Forcing an anger he didn't feel, Jacob buried his feelings of compassion. "You are in no position to demand anything," he snarled, gripping her arms. "You are lucky to be alive. Remember that."
"I remember plenty, you bully. I intend to make sure you pay for it all."
"You will still your tongue now, or I will have to still it for you," he shouted, causing her to cringe. Satisfied that she understood how deadly serious her situation was, he went on with his instructions. "I have no time to explain anything to you right now. I must get back before the soldiers come."
"Oh, they'll come, Jacob, and when they do, you'll be sorry."
"If you interrupt me again," he warned, squeezing her arms so tight he feared he might snap them, "I will have no choice but to kill you now and spare you the torture the others will put you through. Which will it be?"
Dominique glared up at him and saw instantly that the shutte
rs in his eyes were thrown wide open. There were no illusions, no signs of deceit. If she didn't obey, he would break her neck as easily as he would a twig. She pressed her lips together and nodded.
"That is very wise." Jacob relaxed his grip, but kept his big hands wrapped around her arms. "I have time to say this only once, so listen carefully. You are in my Hunkpapa camp with around seventy Lakota Indians. There is no chance for escape, and if you try this foolish thing, you will surely be killed. Your death, should you take this risk, will be very unpleasant. Do you understand?"
Tears sprang into the corners of Dominique's eyes. She'd heard terrifying stories at the fort about the Sioux and their particularly nasty forms of torture. She understood only too well. Swallowing the lump in her throat, she whispered, "Yes."
"Good. I cannot take the time to explain the customs of the Lakota people to you now, but pay close attention to what I am about to say. This wiggling tongue of yours can be very entertaining, but in this village, only to me. If you choose to flap it around the women in this camp, they will remove it for you."
"Remove it?" she gasped.
He gave her a solemn nod, then lifted a length of her hair. "They will be jealous of this golden crop also. Braid it and try to keep it out of sight. They will want to remove it, too."
"Oh, Jacob," she cried, tears spilling in earnest. "I'm frightened. Please take me away from here."

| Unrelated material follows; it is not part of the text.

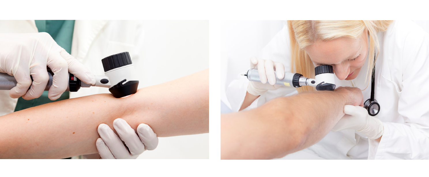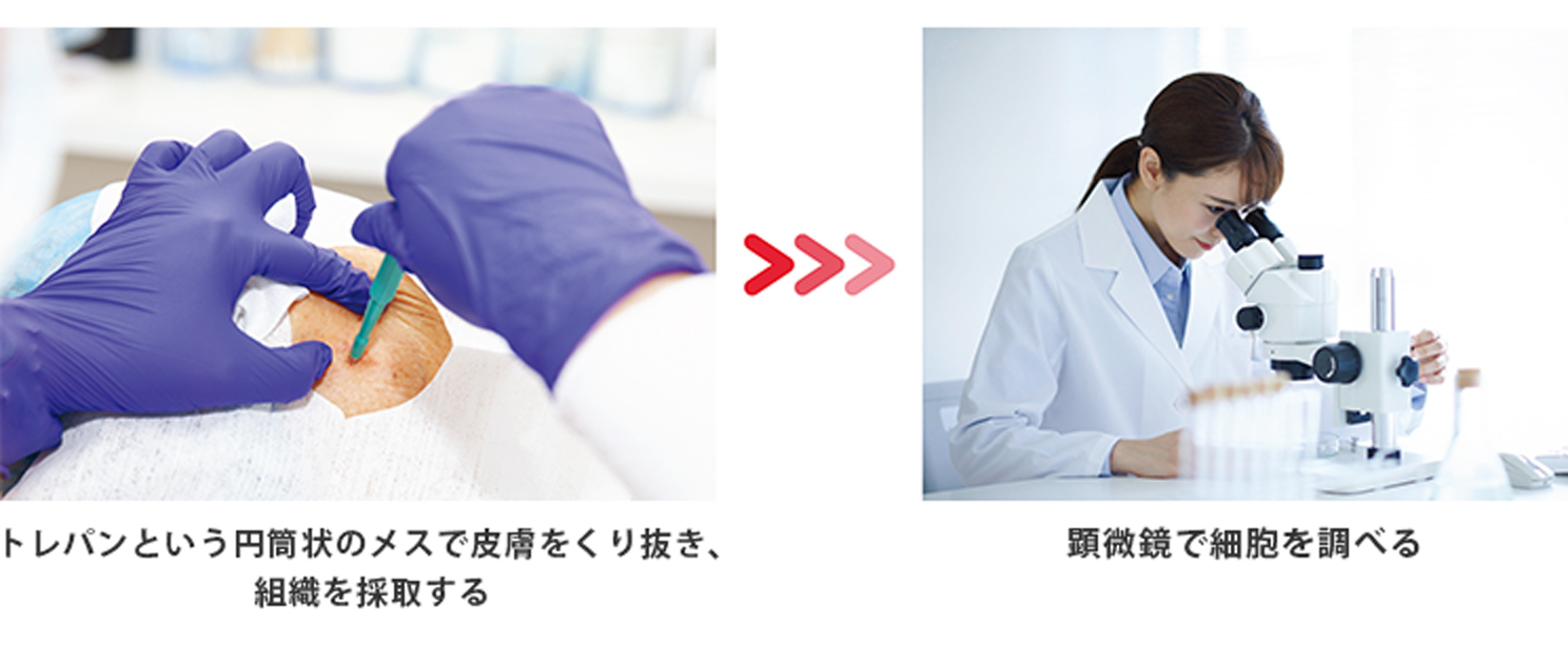 すべての病変をダーモスコピーだけで正確に診断できるわけではありません。確定診断のためには、病変の一部または全部を切除し、顕微鏡で組織を調べる「生検」が必要となる場合があります。

"I would if I could, but that is impossible. You will be safe enough for tonight and tomorrow. Just remember to keep that wagging tongue of yours still around the women in camp." He released her and stepped away. "There is one other very important thing. If you want to keep your life, make sure you do not mention the general or the fact that his blood fills your veins. Say nothing about this to anyone."
"The Indians know about my Uncle Armstrong?" she said through a sob.
"They know the name Custer very well. The Lakota consider him their greatest enemy." He turned and walked toward the opening in the tipi, reassuring her as he departed. "I will try to return by tomorrow night, and surely by the night after if that isn't possible. You will be all right if you do as you are told and say nothing."